At present, skin electronic devices are prepared in a small area (several square centimeters), which cannot effectively locate the disease source and accurately decode the intentions of humans. It is urgent to break through the bottleneck of large-area skin electronic manufacturing. The large-scale physiological information collection of the human body is required for various applications. The large-area flexible electrode is enabled to capture high-quality bioelectrical signal recordings from human skin. Thus, extending the sizes of skin enable covering a larger scale of the human body. To fabricate large-area electrode arrays, traditional manufacturing techniques such as photolithography, etching processes, and high-vacuum deposition can be utilized, as well as cost-effective printing techniques such as inkjet printing and screen printing. The study of epidermal electrons has only made preliminary progress. The large-area skin electronic is easy to wear, however, limits the physiological function of the skin to sweat and heat dissipation. Therefore, large-area epidermal electrons require the substrate material to be breathable or even remove the substrate material. To achieve the breathability of FNEs, preparing nanomesh materials and designing porous substrates have been verified as two effective strategies at present. In addition, there is a trend for the integration of multiple sensors applied to flexible electronic skin. However, existing integrated systems face several challenges integration of various sensors, such as cross-sensitivity of different sensors, and hard-to-identify stimulus types and intensity because each sensor can respond to multiple stimuli. It is necessary to validate the system for adoption. Meanwhile, it is required that a large number of clinical studies are required to establish. Importantly, only when joint efforts have been made will the challenges of integration be achieved. Currently, the issue of cross-sensitivity arising from the integration of different sensors can be addressed through the manufacturing of sensors with lower cross-sensitivity, optimizing circuit design, performing signal processing on the outputs of different sensors, and so on.

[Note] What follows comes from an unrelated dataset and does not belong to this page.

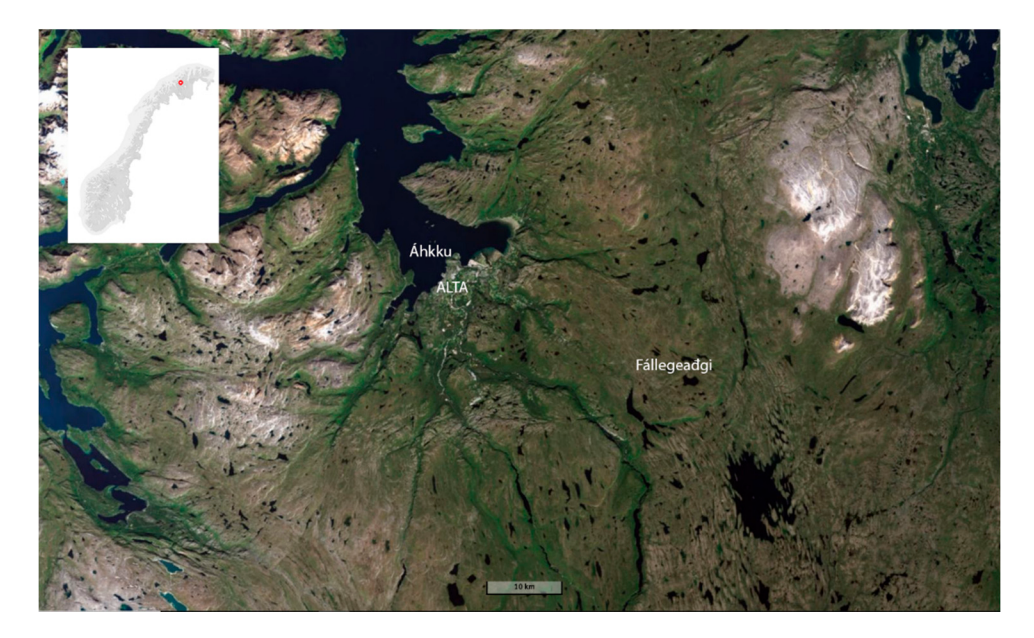
Figure 1. Satellite photo of Alta, Finnmark, northern Norway, with the sites mentioned in the text. Ill.: Marte Spangen.

In this article, we look into the latent conflicts related to the varied contemporary use of two old Sámi offering sites in Alta, Áhkku ("the Old Woman") by the sea close to the town, and Fállegeađgi ("the Falcon Stone") on the inland plains (Figure 1). The study is important to understand the interaction with these sites and what consequences diverging use and understanding of their sacredness may have for the dynamics of the multicultural community in Alta today. Through field observations and semi-structured interviews, we explore who exactly visits the sites and leaves the different things found there, what knowledge various groups have about the original Sámi use of the sites, their own attitude to these today, and how any conflicting use can be mediated at these well-known and easily accessible sacred sites.

In the process of weak sEMG signal acquisition, the SNR is an important standard to constantly measure signal quality. Reducing the influence of noise on sEMG is conducive to improving the SNR. The flexible EMG electrode made of highly adhesive materials has more contact with the skin. Therefore, the motion artifact generated by the relative motion between the electrode and the skin is reduced, which can improve the acquired table quality of the facial EMG signal. Therefore, combining material modification with structure design synergistically helps improve the adhesion of the electrode to the human skin.

In conclusion, despite challenges, flexible electrodes will advance and find broader applications by achieving the mentioned performance. The future of skin-electrode systems will emphasize wireless power, communication, and seamless skin-to-skin integration. Future flexible electrodes are hoped to be intelligent for acquiring bioelectrical signals in daily life. We predict that a critical trend in future development will be the integration of multifunctional systems into wearable devices to realize wireless and routine operations.